Fragile networks:
An article (Catastrophic Cascade of Failures in Interdependant Networks, Sergey B. Buldyrev et al, NATURE vol. 565. no. 7291 April 15, 2010 page 1025 has highlighted a difficulty in networks.  They tend to go all together when they go.

Decades ago I was in Boston during the Great Northeast Blackout.  Years later I met someone who said cheerfully, “I am a blackout baby.”  The power failed for some time, and lacking much else to do, many people engaged in social activity that resulted in a conspicuous birth spike nine months later.  So if you want babies, cut the power off. 

As I remember it was like this.  If you take a metal plate, very smooth, and place it face to face with a similar plate and then put a positive charge on one plate and a negative charge on the other you can store a little bit of electrical charge in the system.  The amount is not much, but the charge can be delivered instantly and efficiently so the resulting condenser or capacitor has a great number of uses in electronics.  If you hang a cable from poles and put an enormous amount of charge on it, it will store some charge by its capacitance with the ground below.  The amount is again not all that much, but with alternating current, where the charge reverses direction rapidly there is a tiny current induced in the ground.  The result is that the ground absorbs some energy so that alternating current is not an efficient way of carrying power over very long distances.  Tens of miles, sure.  Hundreds of miles, maybe.  Thousands of miles is right out of the question. 
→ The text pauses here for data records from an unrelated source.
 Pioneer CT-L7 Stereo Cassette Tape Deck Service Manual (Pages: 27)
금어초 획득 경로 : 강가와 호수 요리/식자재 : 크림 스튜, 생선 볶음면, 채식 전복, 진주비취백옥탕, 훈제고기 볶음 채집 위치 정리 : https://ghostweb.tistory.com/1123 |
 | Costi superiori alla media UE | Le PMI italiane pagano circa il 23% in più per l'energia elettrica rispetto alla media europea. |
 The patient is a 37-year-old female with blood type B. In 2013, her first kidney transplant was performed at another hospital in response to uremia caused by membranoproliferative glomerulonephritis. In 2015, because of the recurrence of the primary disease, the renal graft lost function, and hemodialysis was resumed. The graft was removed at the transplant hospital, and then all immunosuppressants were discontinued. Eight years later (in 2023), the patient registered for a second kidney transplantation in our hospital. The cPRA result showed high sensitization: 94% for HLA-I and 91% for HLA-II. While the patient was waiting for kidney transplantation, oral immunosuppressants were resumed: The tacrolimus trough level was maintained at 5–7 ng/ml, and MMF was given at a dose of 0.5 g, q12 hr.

Given an enormous number of cables stretched over an entire region like the Northeastern Unite States, the amount of charge that is stored in the system is very substantial.  Lake Erie of course flows over Niagara Falls on its way to the sea.  Most of the water is drawn off for power generation with only a fairly thin veil left for the tourists.  The Niagara power station puts out a lot of electricity.  Now a power grid consists of a large number of power stations putting out electricity and a widely distributed network of users tying into it.  If one power station fails, electricity comes in from the grid as all nearby stations shoulder more of the load, and although it is less efficient to bring in the power from a distance the local consumers get their power pretty much uninterrupted. 

Well something went wrong at Niagara.  But instead of the local safety reflexes cutting it out of the grid at once, somehow this enormous wad of energy went all the way around Lake Erie, throwing circuit breakers all the way.  With the resulting great hole in the grid, the stations on the circumference tried to supply the needs, overloaded an shut down.  And this resulted in a wave that swept all the way across the Northeast.  I was studying and wishing I were elsewhere.  When the lamp flickered I thought, “Go out.  Go out.”  I got my evening off.  I wish I had saved the wish for something more socially beneficial. 
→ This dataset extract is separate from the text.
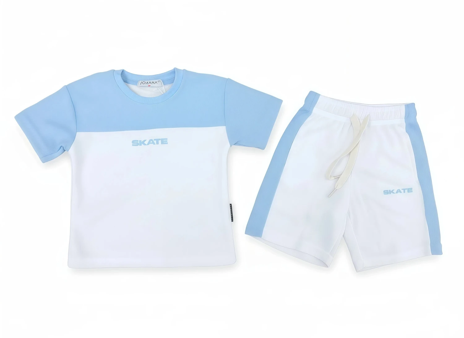 set features a dynamic color block t-shirt with a bold "SKATE"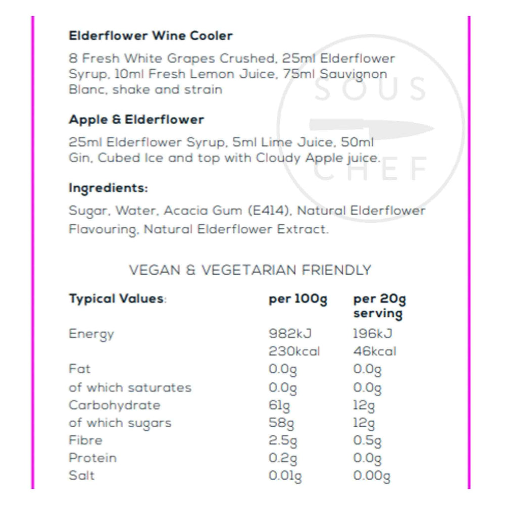 Product formulations and details may change. For the latest ingredients and allergen information always check product packaging prior to consumption. Ingredients: Sugar, water, emulsifier: acacia gum (E414), flavourings: natural elderflower flavouring

At least that is how my engineering friend explained it to me.  I thought that the power grid was at that time the most complex system that had ever been built, rivaling a brain.  Then like a brain it had become conscious, contemplated reality for a moment and then committed suicide.  Dumb ideas are of course a specialty. 
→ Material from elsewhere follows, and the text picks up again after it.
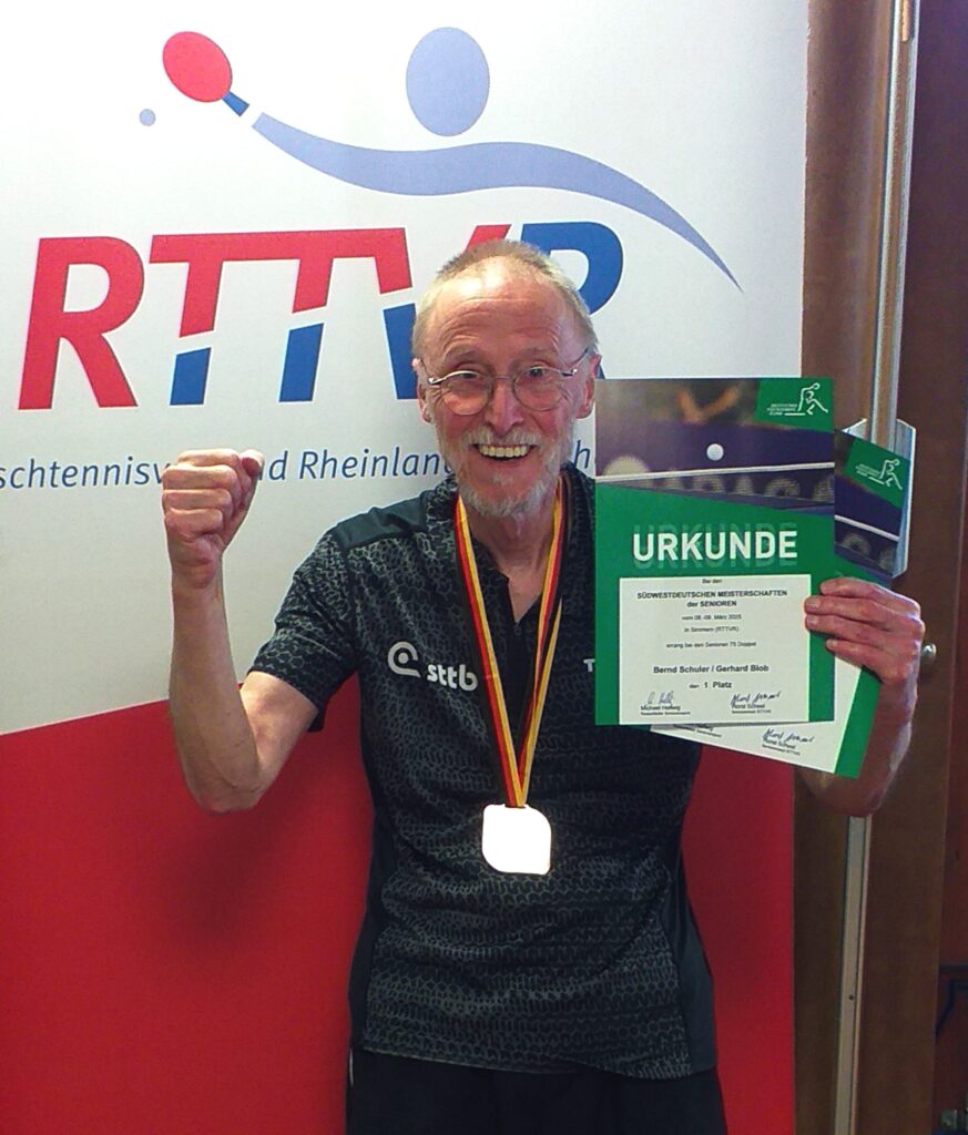 Über ein erfolgreiches Wochenende freut sich Bernd Schuler. Nach dem Sieg bei der Saarlandmeisterschaft wurde der Tischtennisspieler aus Ernst in Simmern auch Südwestdeutscher Meister Seniorenklasse Ü 75 im Einzel und im Doppel.

Over the next few days the authorities explained that it was the interconnectedness of the grid that had been its downfall and that what was needed was more interconnectedness.  It seemed strange at the time.

Now decades later it is realized that a complex densely interconnected system is indeed subject to catastrophic failure.

So if there is a system you can’t afford to lose, you must have a backup system.  Anybody who shoots rapids with a canoe knows that you must never ever go out with fewer than three canoes.  That’s so when you destroy one the other two can hold everybody.  All right, I used to go out for days at a time shooting rapids alone.  See remark above about dumb ideas.

We live in a world in which we seem bewitched by the Big System.  We have a global economy, a global set of laws and global ideas of human rights and social propriety.  But these are things we cannot afford to lose.  Why in the world would we not have backup systems.  The most basic prudence mandates separate units, one sure when another fails.

Evolution this time is a lot smarter.  Animals are sequestered in small mostly isolated populations.  This is an obvious but poorly worked out basic law of biology.  If you go for the big system it will fail ultimately.  And it will fail very soon because evolution has been at pains to make it fail forestalling a worse catastrophe later.